Add 3 more cars: yellow, pink and green
For the neighborhood I just asked ChatGPT to draw multiple copies of the houses, trees, and cars. But Pillow contains a powerful feature: you can create multiple images and then composite them together. So I could create an image of a house or car in isolation, and then paste multiple copies of it into the main scene. To create City Scene the first thing I did was create an image and draw a very simple star into it.
Then I created a background:
Finally, I asked it to place the stars:
I liked the result. I found its phrase “to give the sky a more natural look”
interesting. I didn’t actually say “natural” in my prompt, but it’s certainly
what I intended. Its generated code is very clean and easy to read, with nice
comments. Here’s the code placing the 200 stars using the random.randint
function and the Image.rotate
, and Image.paste
methods:
import random
from PIL import ImageOps
# Define the number of stars
num_stars = 200
# Resize the star image to 20x20
star_resized = img.resize((20, 20))
# Loop to place stars
for _ in range(num_stars):
# Randomize the location
x = random.randint(0, img_size_16_9[0]-20)
y = random.randint(0, img_size_16_9[1]//2-20)
# Randomize the rotation
angle = random.randint(0, 360)
star_rotated = star_resized.rotate(angle)
# Place the star on the scene
img_16_9.paste(star_rotated, (x, y))
# Display the image
img_16_9.show()
I used this same approach to create separate images for the cars and trees. For
best results ask it to create a background image with alpha=0
and then draw
your object with alpha=255
so that the sprites have transparent backgrounds.
Although you are describing the scene in English, knowing some terms like
alpha
lets you communicate your intentions compactly.
Here is the final image again. I think you could produce a much higher quality images than this if you patiently and repeatedly used the composition technique in clever ways.
Drawing with Code Interpreter is a very different experience from using Midjourney or Stable Diffusion, because GPT-4 actually understands language! When you prompt a current AI Art system you are really providing a “cloud of keywords”, every word has associations which alter the final image, but the AI does not really understand the way the words relate to each other. To illustrate the dramatic difference in language understanding here’s a prompt I gave to Midjourney:
A sideview of a table. On the table are 3 shapes: red cube, blue cube and green cube. On the red cube is a yellow sphere. On blue cube are two orange cones. On the green cube are 3 purple spheres. –v 5.2 –ar 16:9
And here is the resulting image:
Nothing in this image matches the description, except arguably there is a table. Feeding the same prompt to GPT-4 Code Interpreter I got this:
While the art style is simplistic, everything is arranged how I asked. I wonder where the limit is. I’d like to see someone create a super-long prompt where ChatGPT draws everything correctly.

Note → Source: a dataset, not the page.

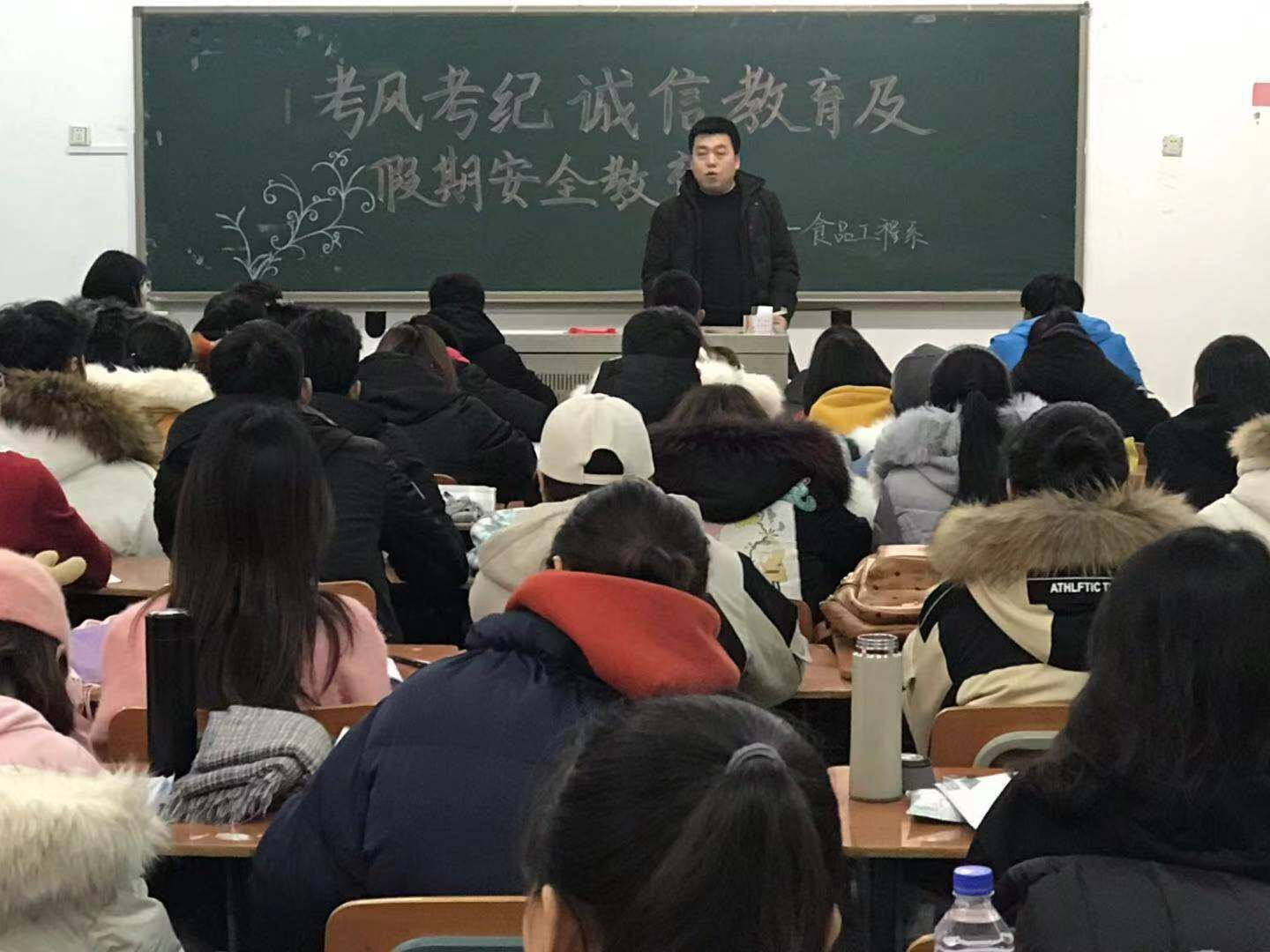 为推动诚信校园建设,强化学生诚信意识,以及加强学校安全教育和管理,确保寒假假期安全。12月27日晚,食品工程系学工办负责人汤鹏宇老师主讲题为“考风考纪 诚信教育及假期安全教育”的主题班会。

So why can’t they just combine the language understanding of GPT-4 with the image synthesis of Midjourney or Stable Diffusion? This is one of the hottest topics in the field: Multimodal Machine Learning. Once really good multi-modal models exist you’ll be able to using arbitrary human language to create and then refine photorealistic images. That will be amazing.
You might draw a person and then iterate on specific details, “On her left wrist place three bracelets, the first bracelet is gold with a single emerald charm, the second bracelet is silver, etc.” Draw a kitchen scene and then say “near the toaster on the counter add a blue Kitchen Aid 5-Quart Artisan mixer, but an older one with a dented bowl” and it will draw that perfectly.

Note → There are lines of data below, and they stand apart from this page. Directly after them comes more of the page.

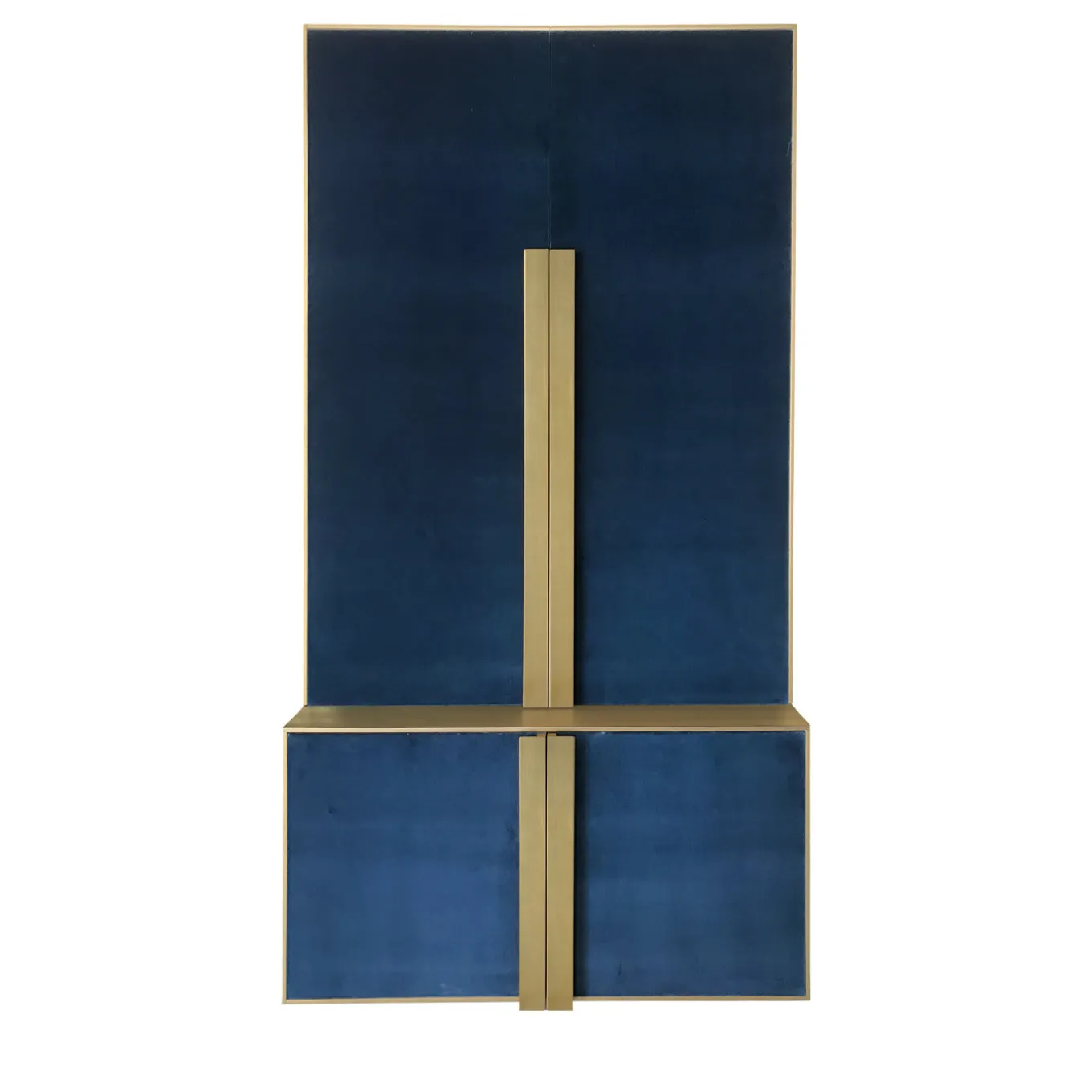 Questo superbo mobile si inserisce in qualsiasi arredamento ed è stato progettato per contenere bottiglie, bicchieri, piatti e biancheria da tavola. Realizzato da esperti artigiani, questo pezzo presenta una struttura in legno con bordi in ottone spazzolato con finitura dorata, utilizzata anche per le suggestive maniglie allungate. Il frontale e i pannelli laterali sono rivestiti in un prezioso tessuto di velluto in un elegante colore blu indaco. All’interno, il legno ha una finitura lucida dello stesso colore, che evoca lo stile art déco. Il piano presenta due cassetti in legno e due ripiani in vetro extrachiaro. Uno specchio posteriore esalta lo splendore degli interni.
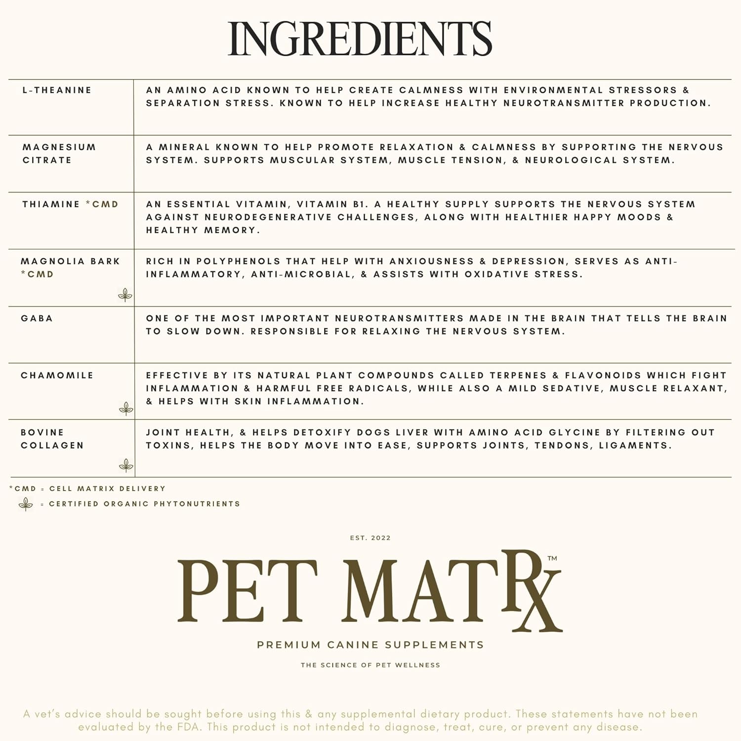 - Active Ingredients: This product contains L-Theanine, Magnesium Citrate, Thiamine, Magnolia Bark, GABA, Chamomile, and Bovine Collagen to support your dog's nervous system against stress
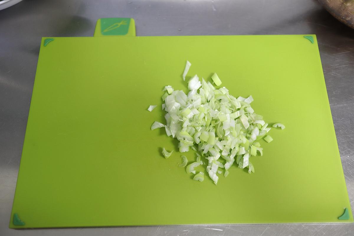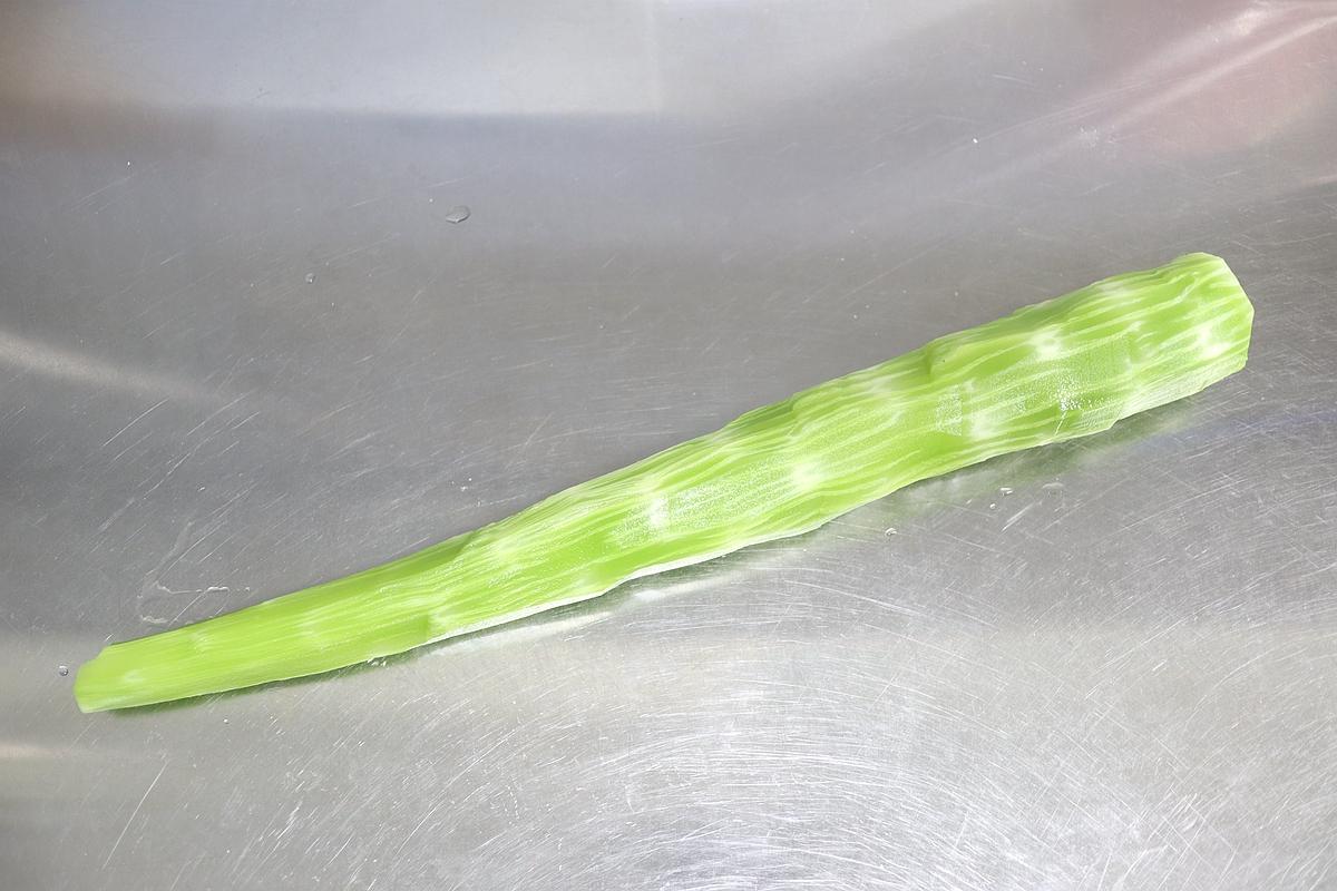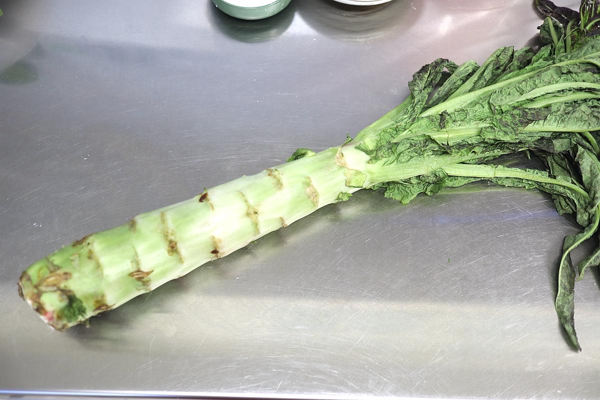 2. 揪掉嫩叶泡凉水中,茎削皮、冲洗干净;

The underlying technology of artificial neural nets is advancing rapidly. While AI Art systems today can produce stunning images, operating them requires a hit-or-miss selection of keywords. LLMs are excellent at language understanding and human language is compact and expressive. We will soon see multi-modal systems which combine advanced language understanding with high-quality image synthesis. Going forward, advanced language understanding will be part of most AI systems, because it’s so useful and powerful.